Last Updated: Mar 05, 2018

When a client accesses a target server, if ping packet loss occurs or if the server cannot be pinged, you can use tools such as traceroute (or TRACERT) and MTR (or WinMTR) to test the link to locate the problem. This document proposes four link testing tools, describes the testing procedure and analyzes the testing results.

Traceroute command line tool

Traceroute is a network testing tool pre-installed on almost all versions of Linux.
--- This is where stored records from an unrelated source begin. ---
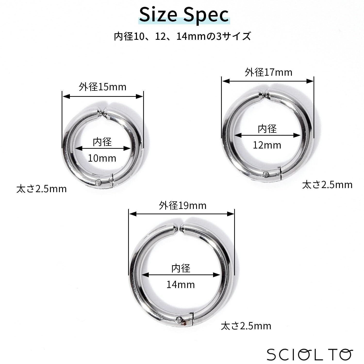 [SCIOLTO(ショルト)] ピアス穴不要 ノンホールピアス フェイクピアス イヤリング イヤーカフ リング メンズ レディース
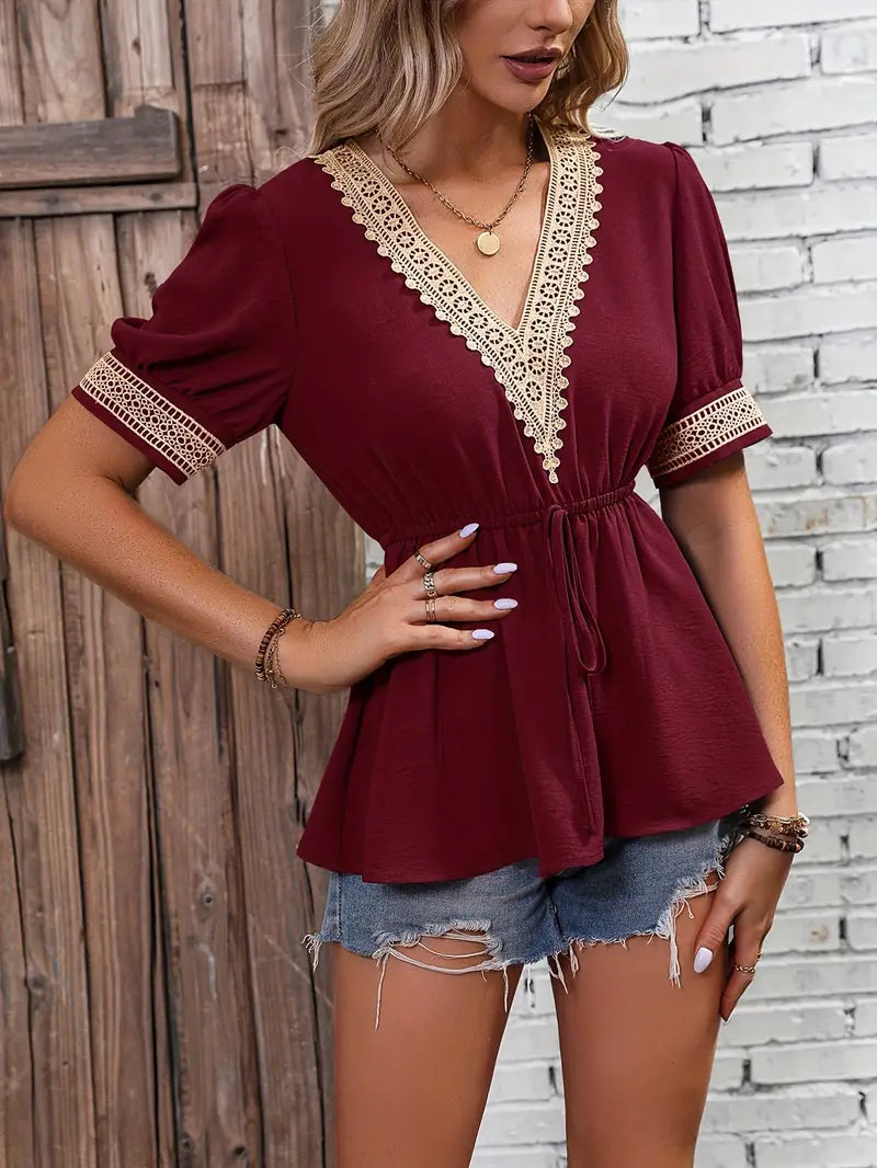 Camiseta de renda lisa com cordão, camiseta casual com decote em V manga curta e cordão
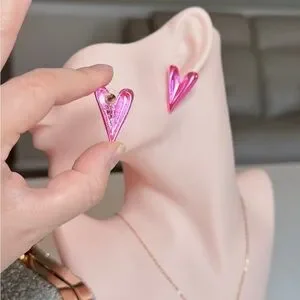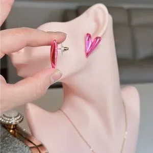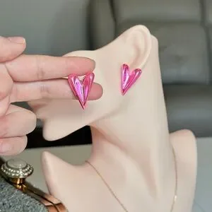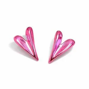 Chic metallic pink heart earrings. Perfect for adding flair.
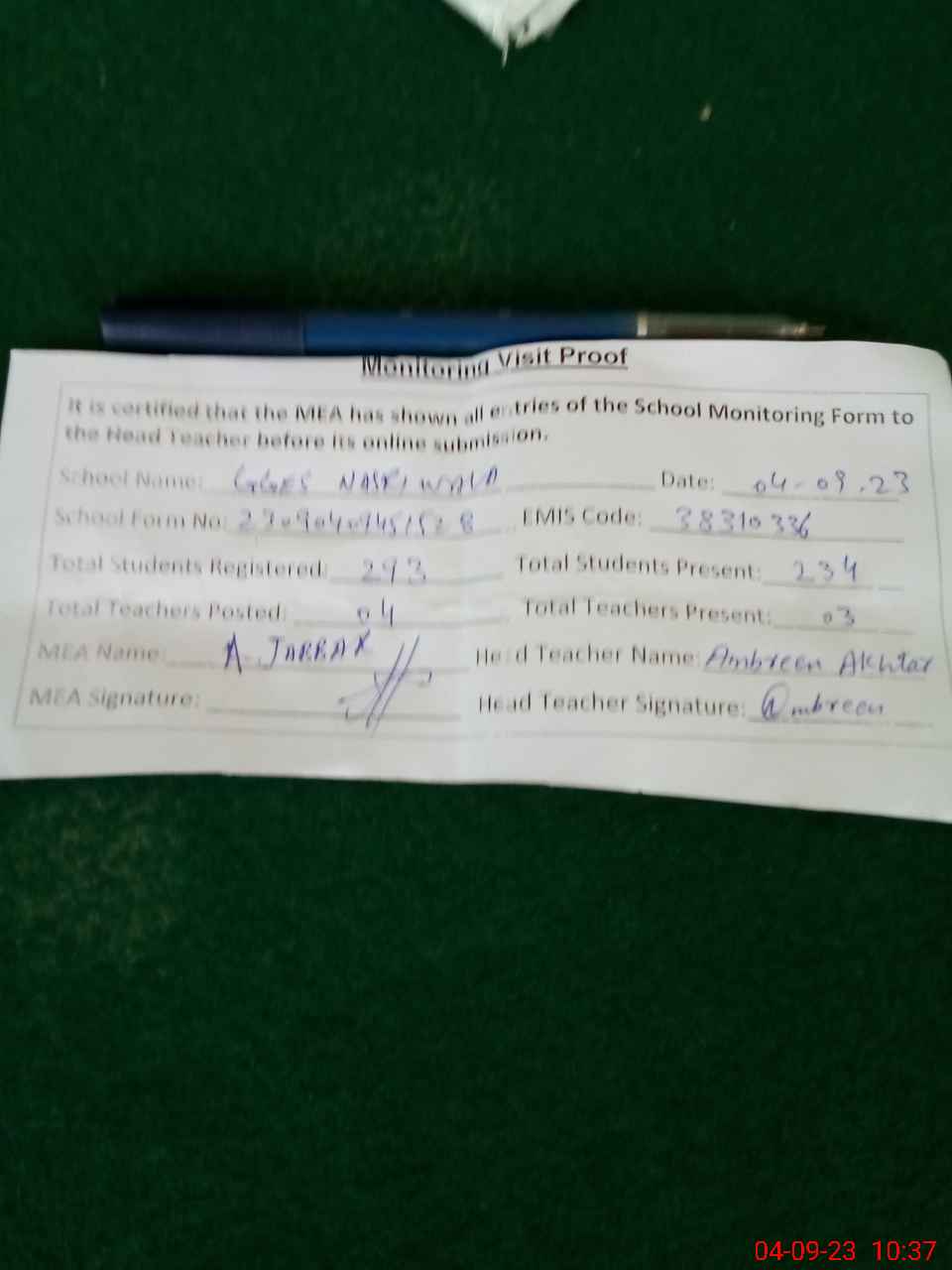 | EMIS Code: 38310336 | Name of School: GGES NASRI WALA | |||
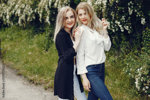 Pretty girls in a summer park. Friends walking in a city. Ladies with blonde hair
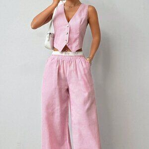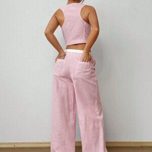 Multicolor Casual Women's Striped Sleeveless V-Neck Top And Pocket Pants Set
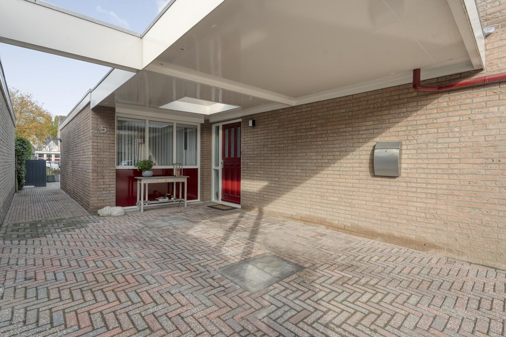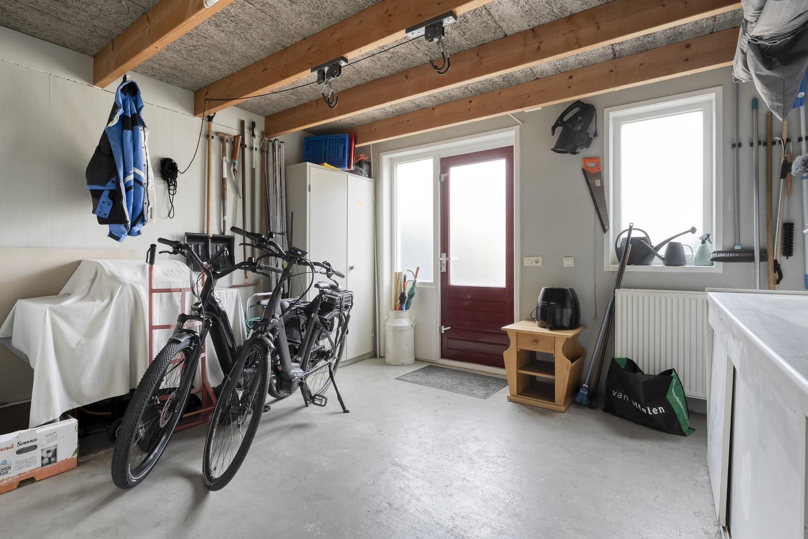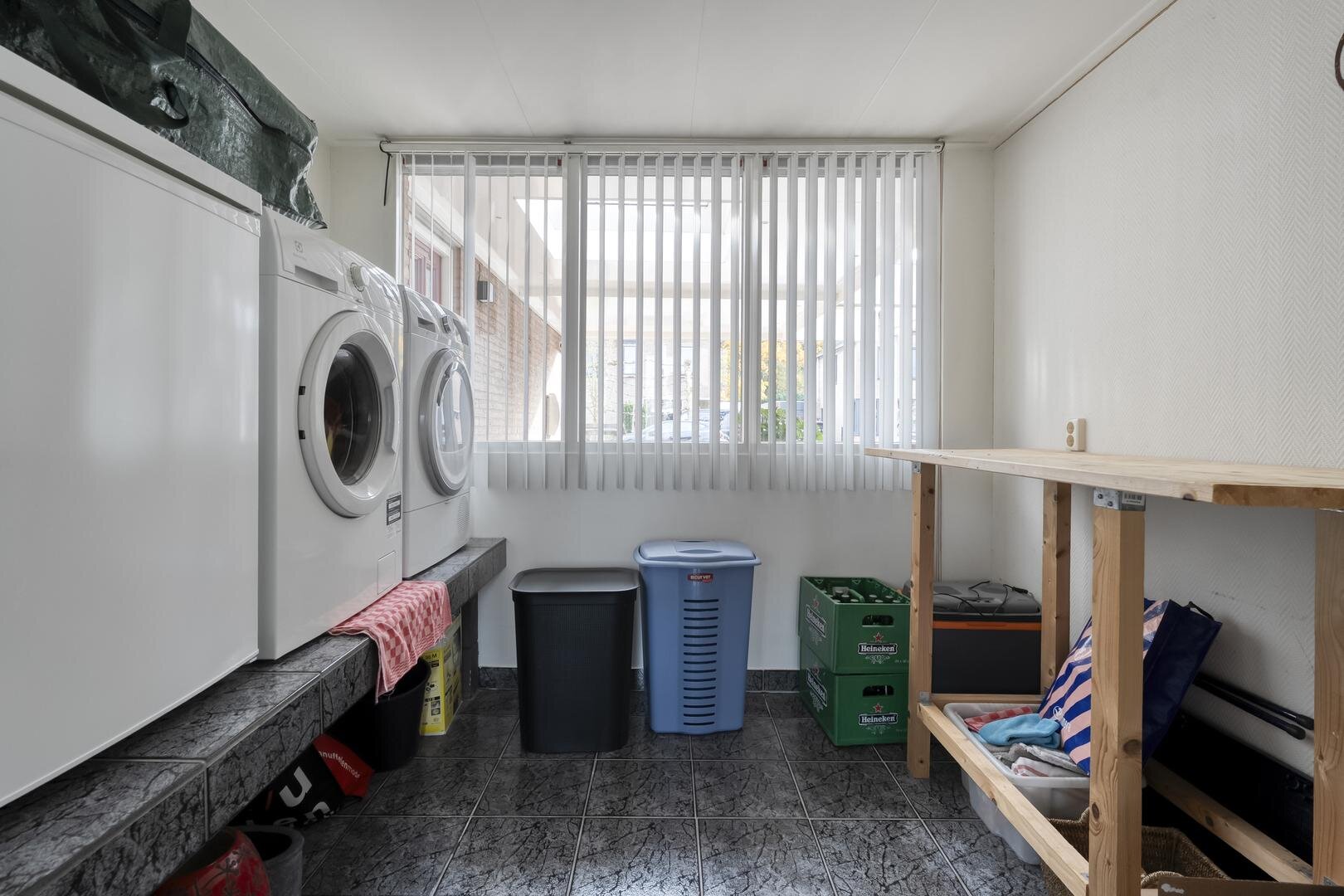 Berging met wasruimte in de voormalige geïsoleerde garage. Carport.
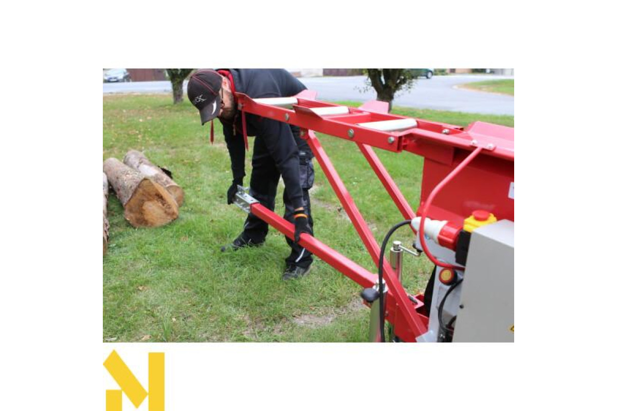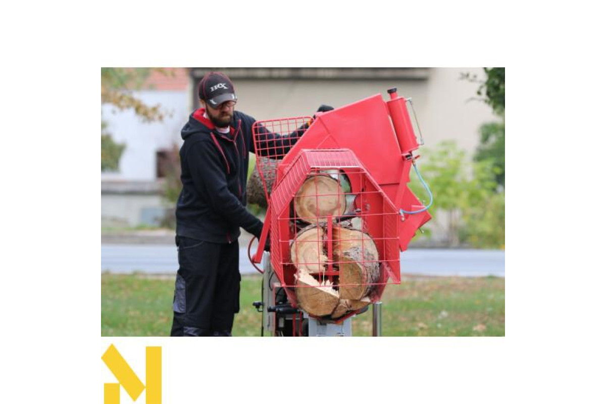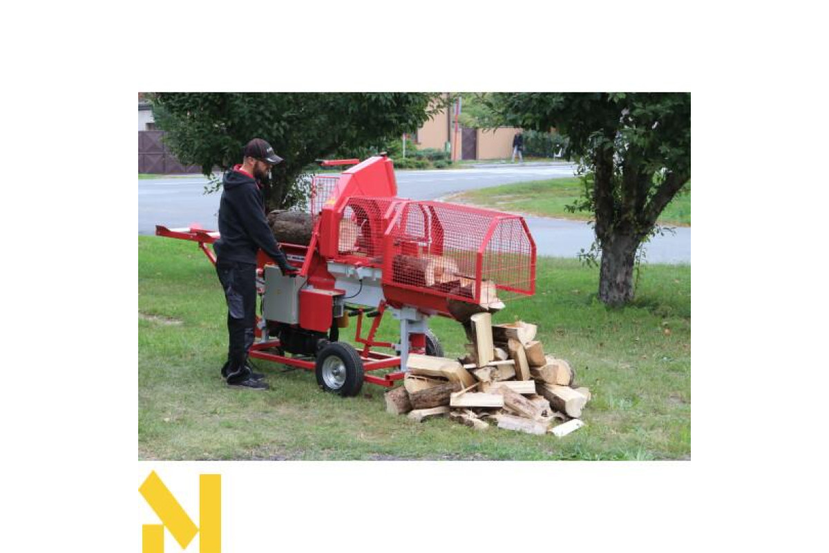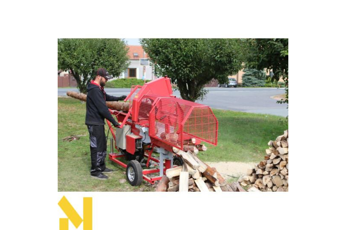 Лінія колки VARIMATIC 300 використовується для швидкої обробки деревини, коли у нас є бензопила та дровокол на одному верстаті.

It tracks the path of transferring data packets to a target IP address using Internet Protocol (IP).

Traceroute firstly sends UDP testing packets whose maximum Time To Live (Max_TTL) period is short, and then listens the ICMP TIME_EXCEEDED response on the entire link starting from the gateway. The testing starts when TTL=1 and continues as the TTL value increases until you receive the ICMP PORT_UNREACHABLE message. The ICMP PORT_UNREACHABLE message identifies if the target host is located, or if the maximum TTL value for tracking the path of transferring data packets is reached.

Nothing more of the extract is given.